25 oktober 2019 , door Herman Keppy
| |

4 november verschijnt het nieuwe boek van Herman Keppy: Zijn jullie kerels of lafaards? De Indische en Indonesische strijd tegen de nazi 1940-'45. Wij publiceren voor.

Herman Keppy vertelt in Zijn jullie kerels of lafaards? De Indische en Indonesische strijd tegen de nazi 1940-'45 de geschiedenis van de Duitse bezetting opnieuw. Maar nu ingekleurd, ook letterlijk, door mensen uit Nederlands-Indië.

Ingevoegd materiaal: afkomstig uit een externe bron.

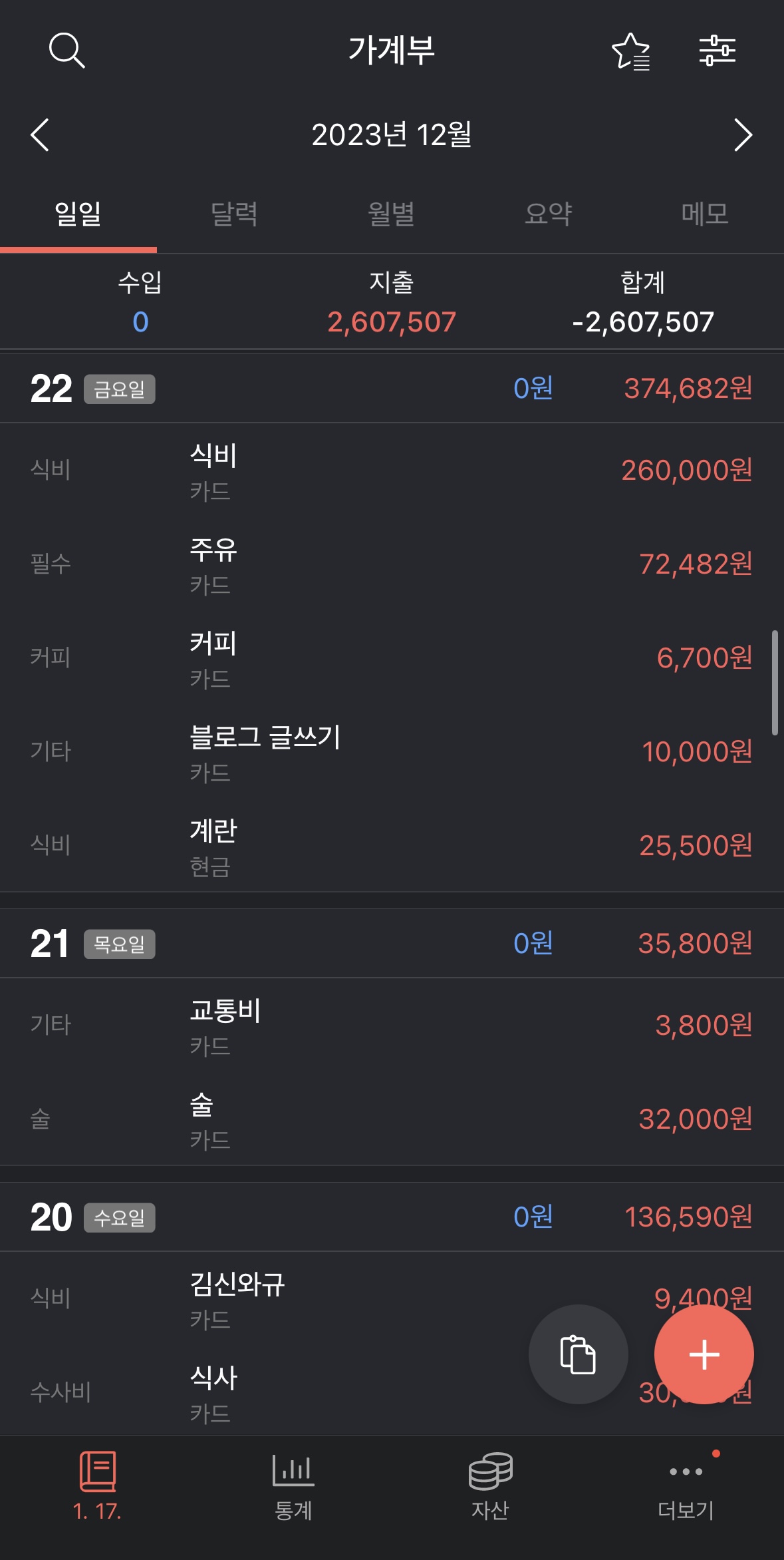 하지만 한 눈에 잘 들어오고 날짜별로 소비 형태를 분석하기 좋습니다.

Het is voor velen, inclusief de Indische gemeenschap, een tot nog toe onzichtbaar verhaal.

 

Uit: Herman Keppy, Zijn jullie kerels of lafaards? 

In totaal dienen er in de oorlog zo’n negenhonderd Nederlanders in de RAF, in de ‘Hollandse’ 320, 321 en 322 squadrons, maar ook binnen andere squadrons van de RAF. Van die negenhonderd Nederlanders hebben er 209 de wieg staan in Nederlands-Indië. Een van hen is Rudy Burgwal, een Indo uit Soerabaja. Met zijn ouders verhuist hij begin jaren dertig naar Den Haag. Rudy is in 1940 student aan de TH in Delft, maar wordt gemobiliseerd omdat er oorlog dreigt. Als op 10 mei de Duitsers binnenvallen, is hij in actieve dienst als vaandrig bij het Korps Motordienst.

De dood van een NSB'er

Na de capitulatie lukt het Rudy niet zijn ‘gewone’ leven weer op te pakken. Steeds loopt hij met plannen rond om, zoals meer Haagse jongens, de overtocht naar Engeland te maken. En hij zit in een geheime organisatie ‘welke onder leiding stond van Metzer, wonende aan de Zoutmanstraat te Den Haag. De bedoeling van deze organisatie was terreur op straat uit te oefenen tegen NSB’ers. Zo heb ik zelf meegeholpen aan het opruimen van een NSB’er. Ik sprak hem aan in een donker straatje met de NSB-groet. Toen hij stilhield, gaf een grote dokwerker hem een tik op het hoofd met een zwaar voorwerp, waardoor deze NSB’er op slag dood was. De NSB’er was in het bezit van een revolver en een ploertendoder.’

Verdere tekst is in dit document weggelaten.